Statistical analysis
All experiments were done three times and statistical analysis was performed on SPSS Graduate Pack 13.0 statistical software. Descriptive statistics including mean and SD. Student's t test and one-way ANOVAs were used to analyze significant differences. Pearson's correlation analysis was used to examine the relationship between miR-10b expression and HOXD10 protein levels. p<0.05 was considered to be statistically significant.
5.
Experimental procedures
5.1.
Cell lines and cell culture
Human glioma cell lines, U87, LN229, U251 and U373 were purchased from the Chinese Academy of Sciences Cell Bank; all cell lines were maintained in a 37 °C, 5% CO2 incubator in DMEM supplemented with 10% fetal bovine serum (FBS).
5.2.
Glioma samples and normal brain tissues
After informed consent patients diagnosed with glioma was obtained, human glioma samples were collected from the department of neurosurgery, the first affiliated hospital of Nanjing Medical University. Among the 22 samples, 8 samples were diagnosed as WHO-II grade, 8 were WHO-III and 6 were WHO-IV by pathological diagnosis. Six normal brain tissues were obtained after informed consent from patients with severe traumatic brain injury who required post-trauma surgery. After resection, all samples were immediately frozen in liquid nitrogen until RNA extraction.
5.3.
RNA isolation
Total RNA was extracted from tissues and four glioma cell lines by using the TRIzol reagent (Invitrogen, Carlsbad, USA). The amount of RNA was quantified by absorbance reading at A260/ A280= 1.6–1.8 and stored at −80 °C until use.
5.4.
Real-time quantification PCR
To detect the relative levels of miR-10b in glioma samples and cell lines, TaqMan-based real-time reverse transcription– polymerase chain reaction (RT–PCR) assay was used. The
primers and probes of has-miR-10b (P/N 4395329) and RNU6B (P/N 4373381) endogenous control for TaqMan miRNA assays were purchased from Applied Biosystems. Real-time PCR was performed according to the manufacturer's instructions on the ABI 7300 HT Sequence Detection System (Applied Biosystems, CA). The relative level of miR-10b was normalized to the RUN6B, and the quantitative miR-10b expression date was calculated by using 2−△△Ct method.
5.5.
Cell transfection
2′-O-methyl (2′-O-Me) hsa-miR-10b inhibitors (miR-10b antisense oligonucleotides) and mimics (miR-10b sense oligonucleotides) were chemically synthesized by Shanghai GenePharma Company (Shanghai, China).
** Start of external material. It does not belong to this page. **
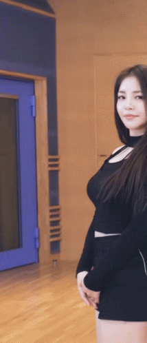 ຄຳອະທິບາຍເນື້ອຫາ: a woman in a black crop top and shorts is standing in a room .

The 2′-O-Me-has-miR-10b inhibitor sequence was 5′-CACAAAUUCGGUUCUACAGGGUA-3′, and the scramble sequence was 5′-CAGUACUUUUGUGUAGUACAA-3′. The 2′-O-Me-has-miR-10b mimic sequence was 5′-UACCCUGUAGAACCGAAUUUGUG-3′, 3′-CAAAUUCGGUUCUACAGGGUAUU-5′, and the scramble sequence was 5′UUCUCCGAACGUGUCACGUTT-3′, 5′-ACGUGACACGUUCGGAGAATT-3′. Cells of 70%–80% confluence were transfected with oligonucleotide using Lipofectamine 2000 reagent (Invitrogen, Carlsbad, USA). Transfection was performed according to the manufacturer's instructions, and the final oligonucleotide concentration was 10 nmol/L. Transfection medium was replaced 6 h later. MiR-10b expressing vectors and blank vectors, HOXD10 vectors and mut-HOXD10 vectors (Genesil, Wuhan, China) were constructed by Wuhan Genesil. Vectors were transfected into human glioma cell lines with FuGENE HD6 (Roche, Basel, Switzerland) according to the manufacturer's instructions and screened by the aminoglycoside G418.
5.6.
Invasion assay in vitro
For transwell assay, 5 × 104 cells were plated into 24-well Boyden chambers (Coring costar, MA, USA), with an 8-μm pore polycarbonate membrane, which was coated with 20 μg of Matrigel (BD Biosciences, San Jose, CA). Cells were in the upper chamber with 200 μl of serum-free medium, and medium containing 20% FBS was added to the lower chamber to serve as a chemoattractant. After 24 h, the cells were washed 3 times with PBS, non-invasive cells were removed from the upper well by cotton swabs, and the invasive cells were then fixed with 4% paraformaldehyde, stained with 0.1% crystal violet, and photographed (×200) in six independent fields for each well. The results were averaged through three independent experiments.
5.7.
Apoptosis assay
First, 1 × 106 cells were plated into 6-well plates, and, after transfection with each oligonucleotide for 48 h, the apoptosis assay was conducted using Annexin V-FITC double stained detection kit (BD Biosciences, San Jose, CA). Annexin V− and PI− cells were used as controls. Annexin V+ and PI− cells were considered as apoptotic, and Annexin V+ and PI+ cells were designated as necrotic.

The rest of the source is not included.